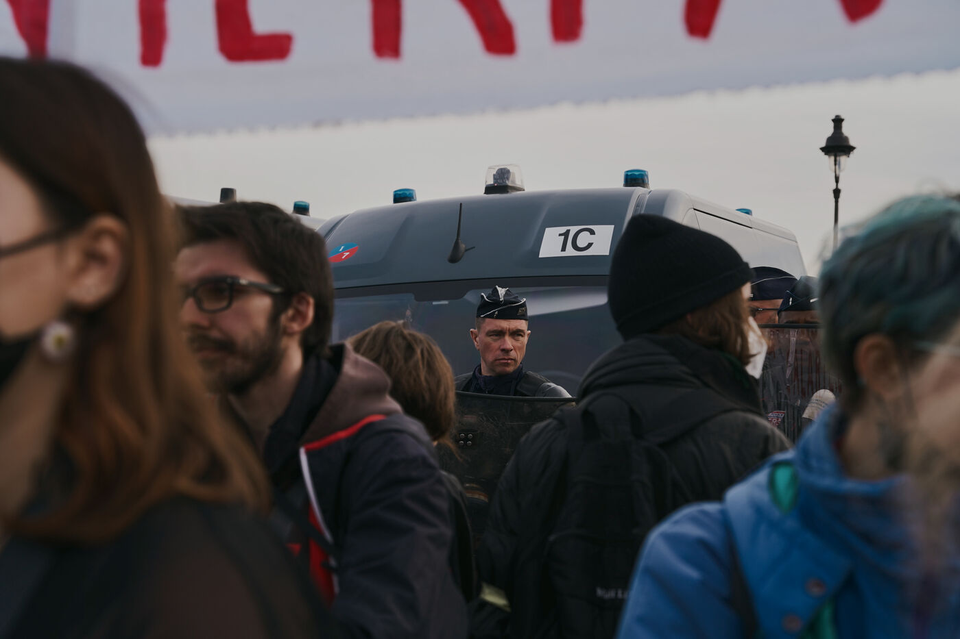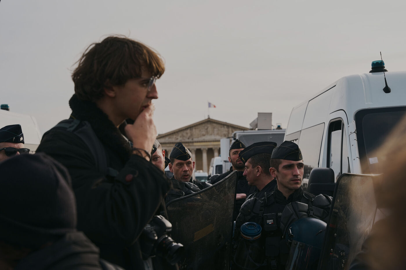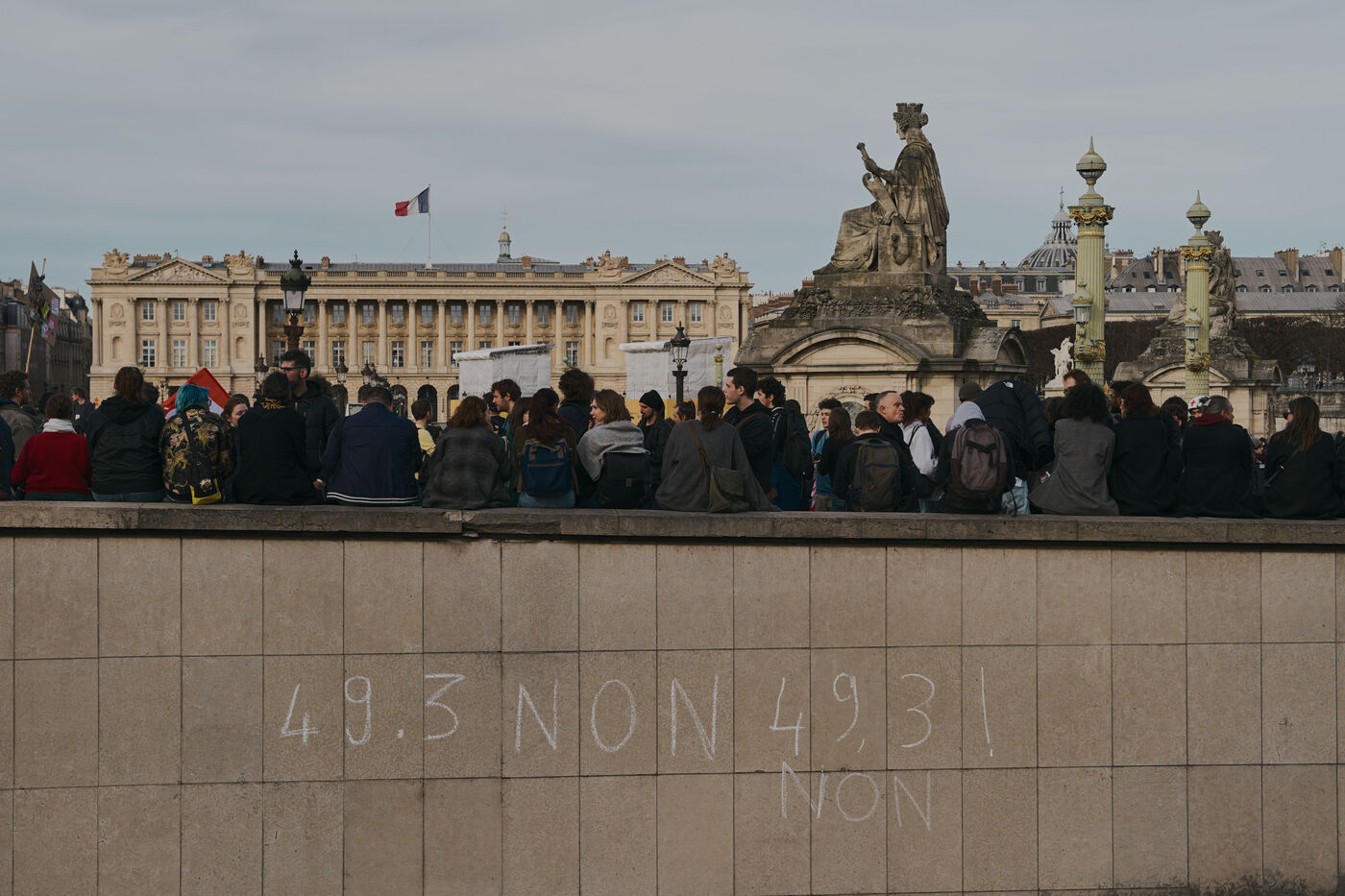 Night of anger and tension on the Place de la Concorde in front of the National Assembly following the announcement of the use of 49.3 by Emmanuel Macron to force through the pension reform without a vote in parliament. Emmanuel Macron prevents the vote in the assembly and passes by force while 70% of French people are against, 9 out of 10 workers are against, he does not have the majority in parliament.
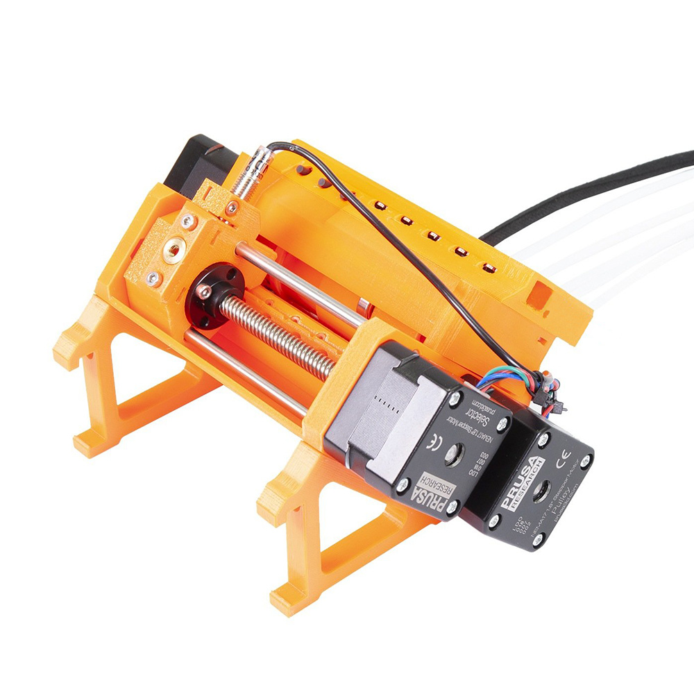 MultiMaterial Upgrade от Джозефа Пруши предназначен для использования совместно с принтерами от того же производителя. На данный момент актуальной является версия 2.0, которая позволяет одиночному директ-экструдеру использовать в одном процессе печати до пяти разных катушек пластика. Само устройство является, по сути, большим экструдером, в котором используется каретка для переключения между нитями пластика. Этот апгрейд имеет целый ряд полезных функций, который включают в себя как печать одинаковым филаментом разных цветов, так и разными филаментами. Имеется также интересная функция, позволяющая автоматически переключаться с одной катушки на другую, когда пластик на первой катушке полностью заканчивается. На популярных торговых интернет площадках можно встретить и клоны этого механизма, однако не совсем понятно, имеет ли реплика этого устройства полностью аналогичный функционал.
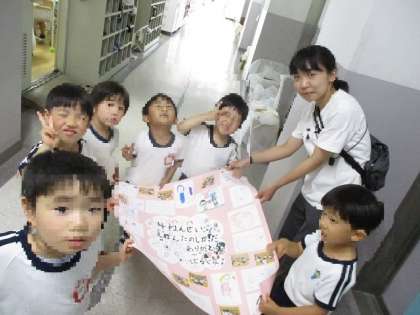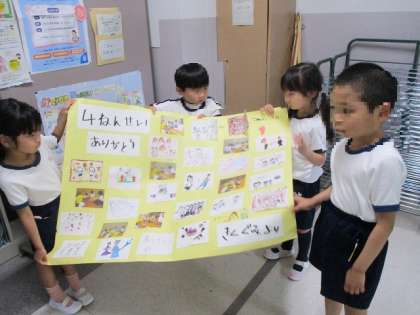 中大江小学校の4年生の教室へ、絵本を読み聞かせてくれたお礼のお手紙を届けにいきました!緊張していた園児も、教室に入ると4年生や小学校の先生の笑顔や「かわいい!」という声にホッとした様子でした。「絵本を読んでくれてありがとう!」とみんなで伝えることができました。
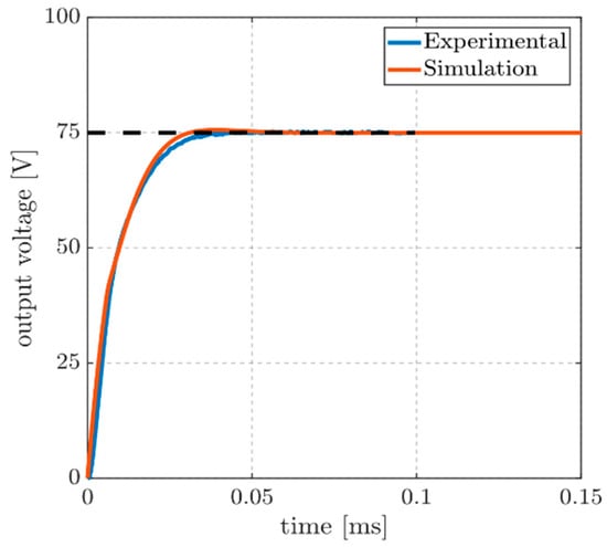 Finally, the dynamical behavior of the proposed SPS closed-loop control scheme (Figure 6) has been tested, applying a step variation of the output voltage set point from 0 to 75 V. As shown in Figure 18, the experimental recording is almost overlapping the corresponding simulation trace. The rise time is consistent with the design of voltage regulator, which exploits the inner part of the schematic (open-loop current control) as a controlled current source, which linearizes the behavior of the controller, as seen by the outer voltage regulation loop.
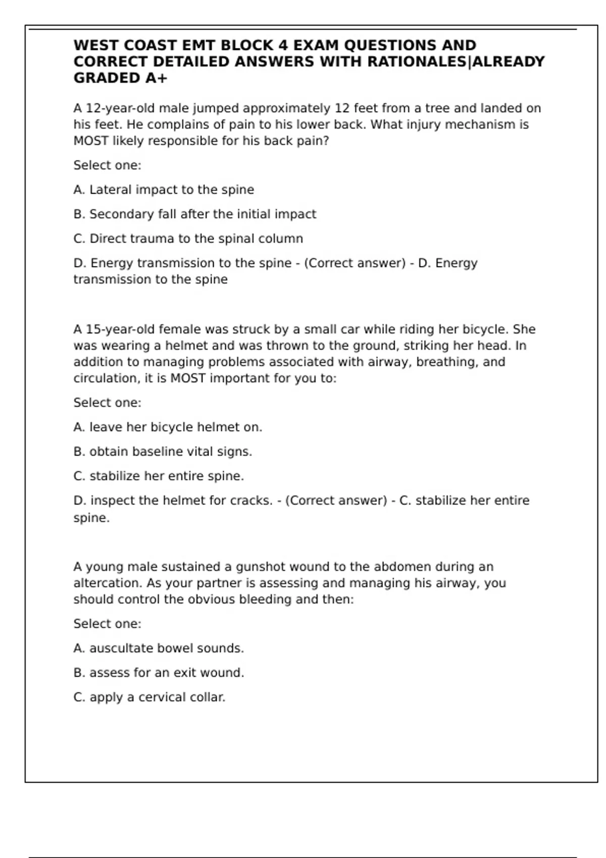 WEST COAST EMT BLOCK 4 EXAM QUESTIONS AND CORRECT DETAILED ANSWERS WITH RATIONALES|ALREADY GRADED A+

- [EXERCISE]:
The answer must be an exact copy of the lines from the one containing "中大江小学校の4年生の教室へ" through the last line of the records, with no pictures included.

- [TASK RESULT]:
 中大江小学校の4年生の教室へ、絵本を読み聞かせてくれたお礼のお手紙を届けにいきました!緊張していた園児も、教室に入ると4年生や小学校の先生の笑顔や「かわいい!」という声にホッとした様子でした。「絵本を読んでくれてありがとう!」とみんなで伝えることができました。
 Finally, the dynamical behavior of the proposed SPS closed-loop control scheme (Figure 6) has been tested, applying a step variation of the output voltage set point from 0 to 75 V. As shown in Figure 18, the experimental recording is almost overlapping the corresponding simulation trace. The rise time is consistent with the design of voltage regulator, which exploits the inner part of the schematic (open-loop current control) as a controlled current source, which linearizes the behavior of the controller, as seen by the outer voltage regulation loop.
 WEST COAST EMT BLOCK 4 EXAM QUESTIONS AND CORRECT DETAILED ANSWERS WITH RATIONALES|ALREADY GRADED A+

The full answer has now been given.